Despite its scale and strategic role, India's lack of targeted leverage left it paying higher U.S. tariffs than smaller economies

India is a giant by almost every measure. Second largest country by population, fourth in GDP, seventh in land area, and strategically important in today's US-China rivalry for global influence. But when it came to securing favourable trade deals with Trump's administration, these impressive statistics did not translate into better tariff terms. The warm bear hugs between Modi and Trump, the massive diaspora rallies, and India's geopolitical weight did not show up at the negotiating table; as always with Trump, leverage and optics mattered most.

Looking at estimated 2025 GDP and tariff rates with the US, the results are counterintuitive. Vietnam, with a GDP of $0.4 trillion, secured a 20% tariff rate. Pakistan also stood at $0.4 trillion GDP with a 19% tariff. The Philippines, with $0.46 trillion GDP, faced tariffs of 19%. Singapore, at $0.51 trillion GDP, had one of the lowest tariffs at 10%.

Larger economies such as Indonesia ($1.43 trillion GDP) had a 19% tariff, and South Korea ($1.79 trillion GDP) enjoyed a lower rate of 15%. The UK, with a $3.59 trillion GDP, matched Singapore at 10%. India, at $4.19 trillion GDP, had the steepest rate at 50%. Even the EU, despite its $19.99 trillion GDP, faced only 15% tariffs.

At first glance, one might assume that a large and strategically important economy like the EU or India would automatically secure a sweeter deal than a smaller player like Vietnam or Bangladesh. Under Trump's rules, that was not the case.

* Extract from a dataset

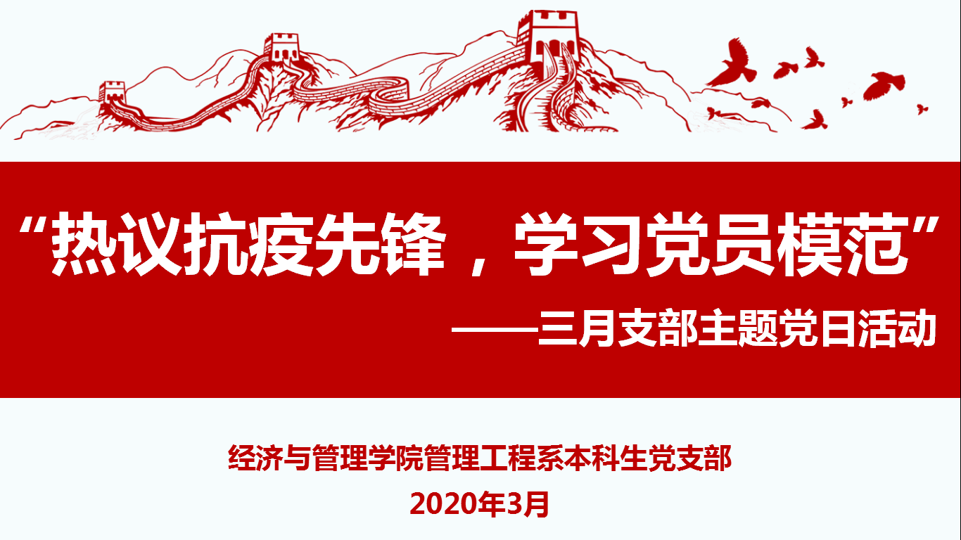 “热议抗疫先锋,学习党员模范。”2020年3月24日晚,kaiyun登录中国入口登录管理工程系本科生党支部在线上召开3月支部主题党日活动,党支部全体正式党员和预备党员参会,活动由支部副书记杨一佳主持。

For decades, wealthy nations, including the United States, provided trade preferences and market access as a form of economic diplomacy. The Generalised System of Preferences (GSP) was one such mechanism, reducing import duties for around 100 of the world's poorest nations, greatly benefitting countries like Cambodia and Bangladesh. But under the "America First" doctrine, these goodwill gestures were abandoned. There were no automatic tariff breaks – every country now needed tangible bargaining chips.

Some nations secured better trade terms by offering massive investment pledges. South Korea pledged $350 billion, Japan $550 billion, and the EU at least $600 billion. Not all leverage came in cash; Indonesia effectively reinvested in the US economy by ordering 50 Boeing aircraft, a significant move for Garuda Indonesia, whose fleet included just over 50 Boeings.

Vietnam illustrates this leverage game well – it controls 27.7% of all U.S. footwear imports and a commanding 65% of the U.S. sports footwear market. Steeper tariffs on Vietnam would have hit "MAGA" wallets, so the US settled for a relatively manageable 20% tariff. In contrast, Indian textiles account for only 6-8% of the U.S. textiles and apparel market.

Losing India as a supplier is not as disruptive as losing Vietnam's footwear dominance. American brands can (and already have) shifted textile production to other countries quickly. In fact, imports from Mexico surged 12% in May 2025 compared to a year earlier as companies diversified sourcing.

In 2024, China supplied roughly 22% of U.S. textiles and apparel imports, worth $18.3 billion. Vietnam supplied around 18%, valued at $15.9 billion. India contributed between 6-8%, worth over $10 billion. Bangladesh's share was between 9-10.5%, valued at $7.4 billion, while Cambodia accounted for 3-4%, worth $3.5 billion.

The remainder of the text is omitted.